Silicon Valley Bank Seized by FDIC
Silicon Valley Bank (SVB), a leading US bank that primarily serviced customers in the technology industry, has been shut down by regulators and its assets seized by the Federal Deposit Insurance Corporation (FDIC). This marks the largest US bank failure since the 2008 global financial crisis.
The FDIC has created the Deposit Insurance National Bank of Santa Clara to hold the insured deposits from SVB, which will continue to clear checks. The main office and all branches of SVB will reopen on March 13, and insured depositors will have full access to their deposits no later than Monday morning. However, it is unclear how larger accounts or credit lines for companies will be impacted by the closure as FDIC’s standard insurance covers up to $250,000 per depositor.
Twitter CEO Elon Musk Open to Buying SVB
Amidst the turmoil, Razer CEO Min-Liang Tan suggested that Twitter should consider buying SVB and turning it into a digital bank. This suggestion caught the attention of Twitter chief Elon Musk, who responded positively, saying that he is open to the idea.
This potential acquisition could mark Twitter’s entry into the fintech space, as the company has been exploring ways to expand its business. By acquiring SVB, Twitter could leverage its large user base and strong brand to establish itself as a major player in the digital banking industry. As of writing this story, there’s no official confirmation or further information regarding this comment from the billionaire.

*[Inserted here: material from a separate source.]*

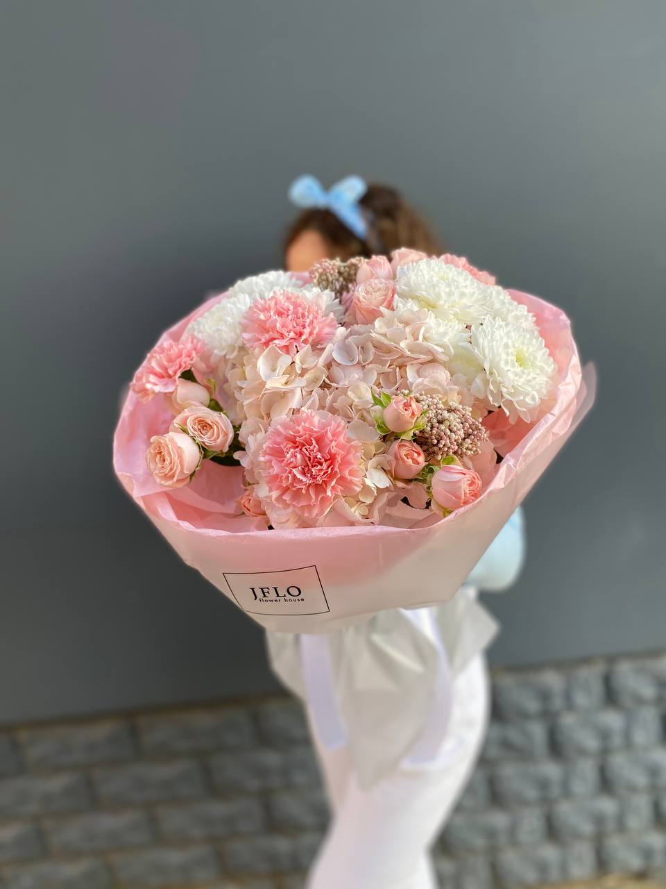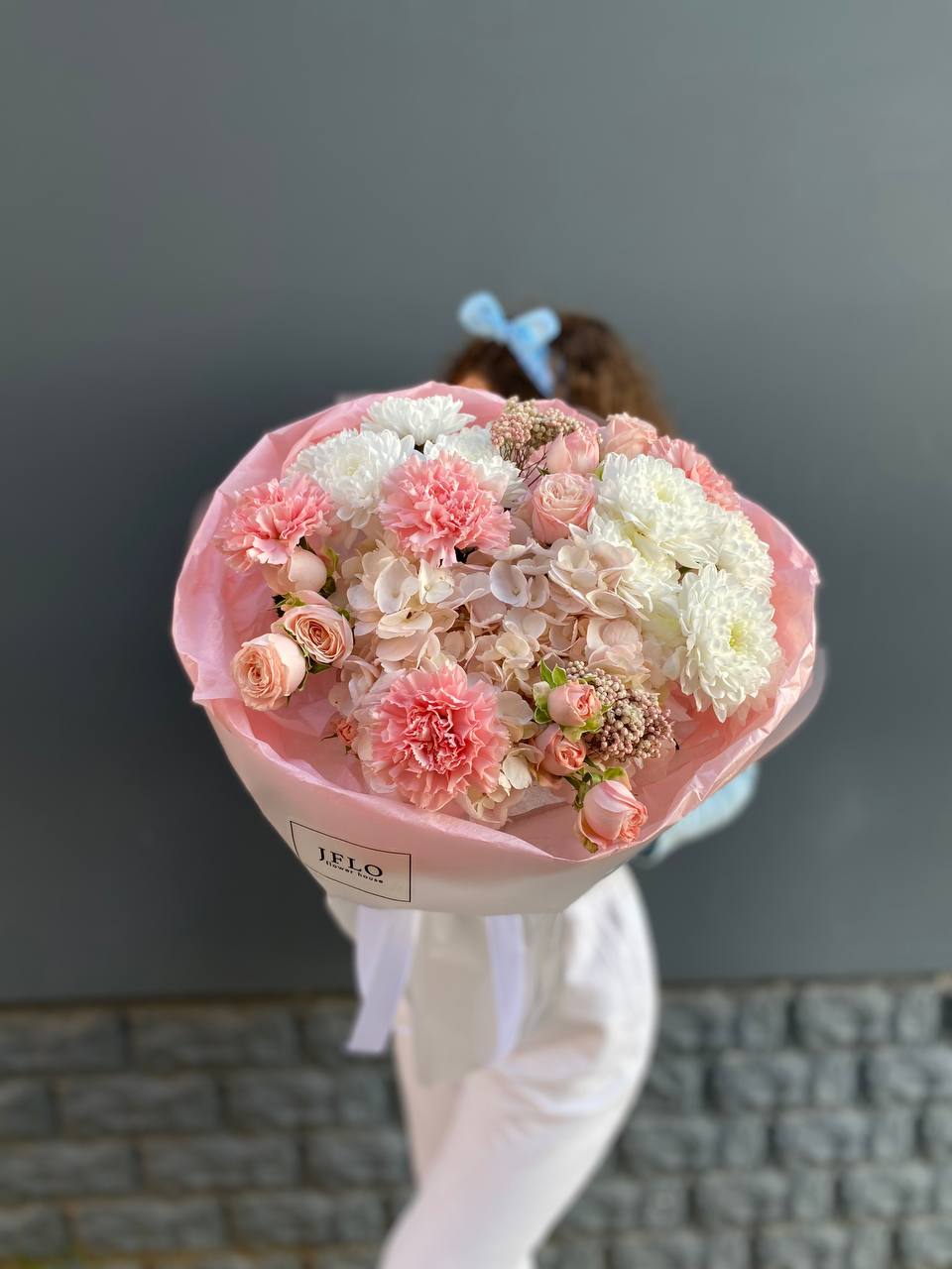 Герберы и гортензия создают воздушную композицию с лёгким ритмом и плавными переходами. Бомбамстик добавляет графики, а диантус смягчает общую форму.

SVB specialized in financing start-ups and had become the 16th largest US bank by assets, with $209 billion in assets and approximately $175.4 billion in deposits. The bank’s problems were sparked by customer withdrawals that led the company to liquidate securities positions whose values had plummeted due to the Federal Reserve’s interest rate hikes. Its rapid collapse has left markets rattled, and the FDIC will seek to liquidate its assets while insured depositors will receive an advanced dividend and potential additional dividend payments as the regulator gradually sell SVB’s assets.